The following is page three of an illustrated solution for the
Tough Sudoku of November 28, 2007. This page has one step
which is interesting. It employs

- The recognition of two usefully linked
*Almost Y Wing Styles*

Page One of this solution was primarily about the use
of an

*Almost Unique Rectangle* in a chain.

Page Two of this solution included some typical steps,
plus a complex linking of several disparite types of

*Almost AICs*.
All of the

*Sudoku tips and tricks* contained on this page are straightforward, albeit the last one perhaps less so.

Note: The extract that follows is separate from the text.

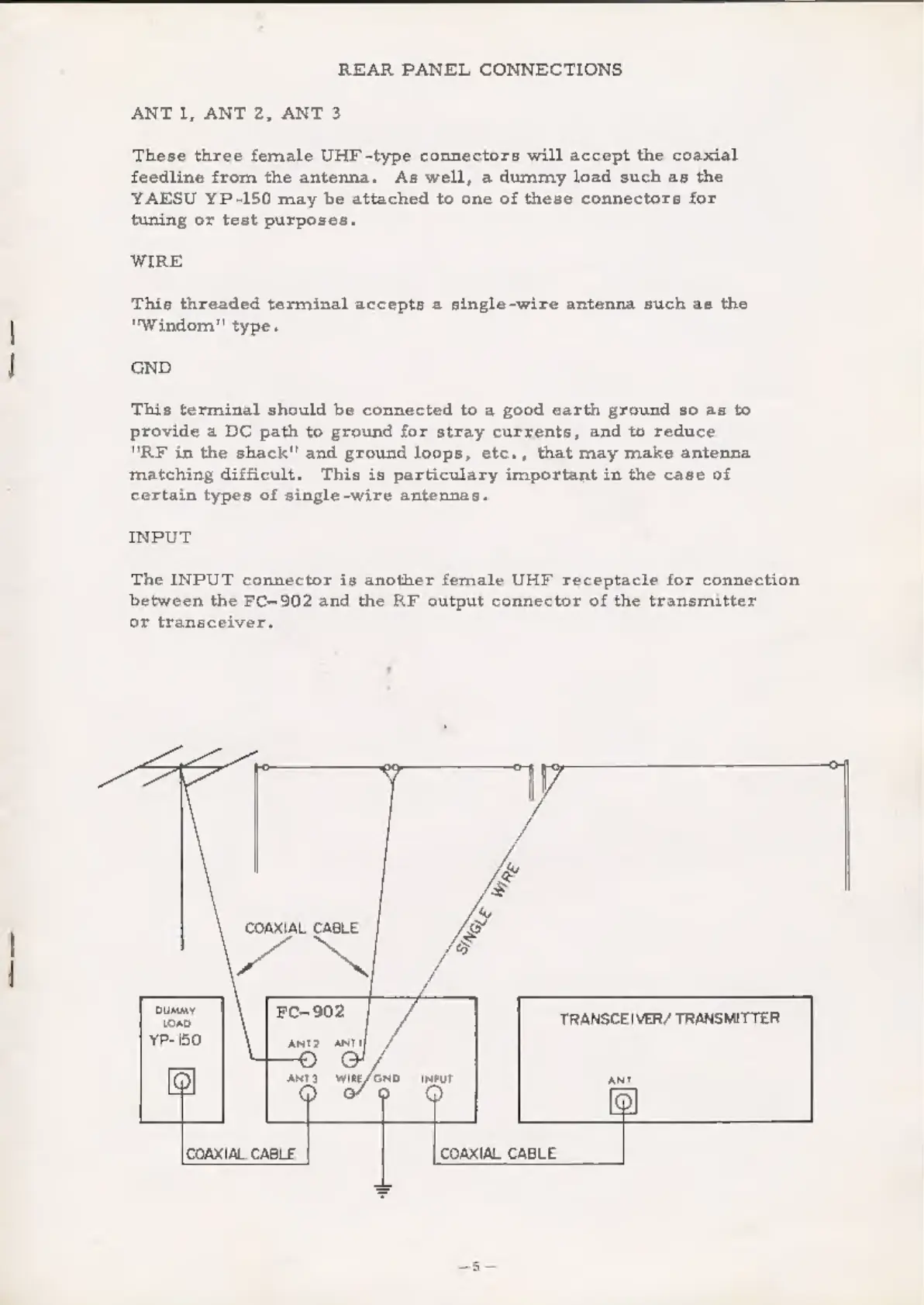 Yaesu FC-902 - Rear Panel Connections; ANT 1, ANT 2, ANT 3 Connectors; WIRE Terminal; GND Terminal

Previous blog pages may be helpful. Links to these pages are found to the right, under
**Previous Entries**.

### Step 4c - Y wing style with candidates 2 & 7 & 9

Above, find

- (9)r1c2=(9-2)r2c2=(2)r1c1-(2=7)r1c7 => r1c2≠7
- Alternate writing: (Hidden pair 29)r12c2=(2)r1c1-(2=7)r1c7 => r1c2≠7

The difference between the two writings of this step given above are subtle. It is helpful to be aware of both. This
is especially true if one employs counting with deeper, more complex chains or nets. Candidate 7 is ripe for a few
easy eliminations.

### Step 4d - a short chain using an Almost Hidden Pair

To the left, find a short chain using an Almost Hidden Pair (HP):

- (7)r78c2=(7-2)r6c2=(2-58)r6c1=(HP58)r78c1
- => r78c1 ≠7
- Alternate presentation:
- (7)r78c2=(7-2)r6c2=(HT258)r678c1
- => r78c1 ≠7

Again, I find it useful to be aware of multiple presentations of the same idea. The Hidden Triple (HT) presentation
exposes the conjugate naked quad in column 1:

- (7)r78c2=(7-2)r6c2=(2)r6c1-(2=Quad1347)r1234c1
- => r78c1 ≠7

### Step 4e - Y wing style with candidates 2 & 7

Above, another Y Wing style quickly dispenes with another 7:

- (7=2)r1c7-(2)r1c1=(2-7)r6c1=(7)r13c1 => r1c3 ≠7

It happens with relative frequency that one elimination, such as the previous forbidding of (6) from r1c7, quickly leads
to a host of eliminations using many similar or stacked strong inferences. By

*stacked*, I mean that after making
one elimination, another one follows easily. This puzzle seems to be ripe with

*Y Wing Style* (YWS) type configurations.
Even step

**4d** feels like a depth 3 YWS with the consideration of the

*Super Cell* (8)r67c1.

### Step 4f - Almost Hidden Pair (29-69)

Below find a longer deduction that sets up a puzzle breaking step

The graphic above could be written:

- (7)r9c8=(7)r3c8-(7)r1c7=(7-2)r1c1=(HP29-HP69)r12c2=(6)r8c2-(6)r9c3=(6)r9c6
- => r9c6≠7

An alternate, but similar, way to the same elimination was available immediately after step

**4b**:

- (7)r9c8=(7)r3c8-
**(7=2)r1c7**-(2)r1c1=(HP29-HP69)r12c2=(6)r8c2-(6)r9c3=(6)r9c6
- => r9c6≠7

The only difference between the two chains should appear

**bold**.

When writing chains, I often prefer to use something similar to (HPxy-HPxz) as it maintains the symmetry of the
*Forbidding Chain* or *Alternating Inference Chain*. Thus, the chain reads perfectly well in either direction.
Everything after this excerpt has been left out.